Appropriate use of the word maul.

Zeke ran for a season-high 139 yards, averaging 6 yards per carry, with the Cowboys finishing with 172 rushing yards.

Dak was never sacked once, completing 22 of 35 passes for 257 yards and three touchdowns, giving him now 11 touchdowns and 1,049 yards passing in his past three games against the Giants. His 101.7 passer rating is the 28th rating of at least 100 in his fist 56 starts. The three touchdowns also raises his 2019 total at the halfway mark to 15, putting him on pace for a career-high 30 touchdown passes.

And just maybe this game changed for good in the final 1 minute, 5 seconds of the second quarter. First, Giant killer Blake Jarwin took a Dak on-the-move short 9-yard pass 42 yards for a touchdown with 52 second left in the second quarter. Then, on top of that, with the Giants being a little too aggressive for their own good, on third-and-10 from their own 26 with just 39 seconds left in the half, Jones went deep for Darius Slayton, and there was X, playing deep centerfield, rotating over to the sideline for the interception he returned 29 yards to the Giants' 39 with 25 seconds left in the half.

That became the impetus for Maher's 52-yarder as time expired to somehow give the Cowboys a 13-12 halftime lead, surely leaving the Giants thinking, What in the world hit us?

Well, the good Cowboys hit 'em but good, driving away the bad Cowboys, those ornery ones they couldn't quite overcome with mad dashes in the final minutes of all three of those losses.

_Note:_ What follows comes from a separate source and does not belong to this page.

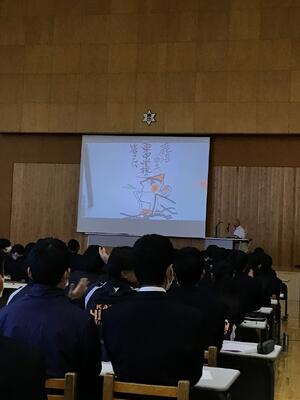 前半の講話では、先生の生い立ちから幼少期のお話、マンガを描くきっかけとなった出来事、戦中後の中国での暮らしなど、先生自身の様々なお話を伺えました。さらに、講話中イラストも交えながら、鳥獣戯画をベースにマンガの成り立ちや日本のマンガ文化についてもご教授いただきました。

Now the trick is, as it was for four quarters while whipping the Eagles, 37-10 – that's back-to-back 37-pointers and five-of-eight 30-point outings in half a season, upping their average to 28.1 points per game after eight games – to play this consistently week to week.

And it's high team with the likes of 6-3 Minnesota coming up on this short week at AT&T Stadium, then 3-4-1 Detroit and 8-1 New England on the road, followed by 6-2 Buffalo on Thanksgiving.

"And we have to beat those teams to control our destiny," Dak said.

Jones knows the benefits of that, too.

"Because on this team, everybody knows we've got a very good team," he said. "And we've got a chance to compete with the very best down at the end of this thing. A real chance.

"But won't have a chance if we continue to make those mistakes."

Can't beat the likes of those teams if the Cowboys keep beating themselves, too.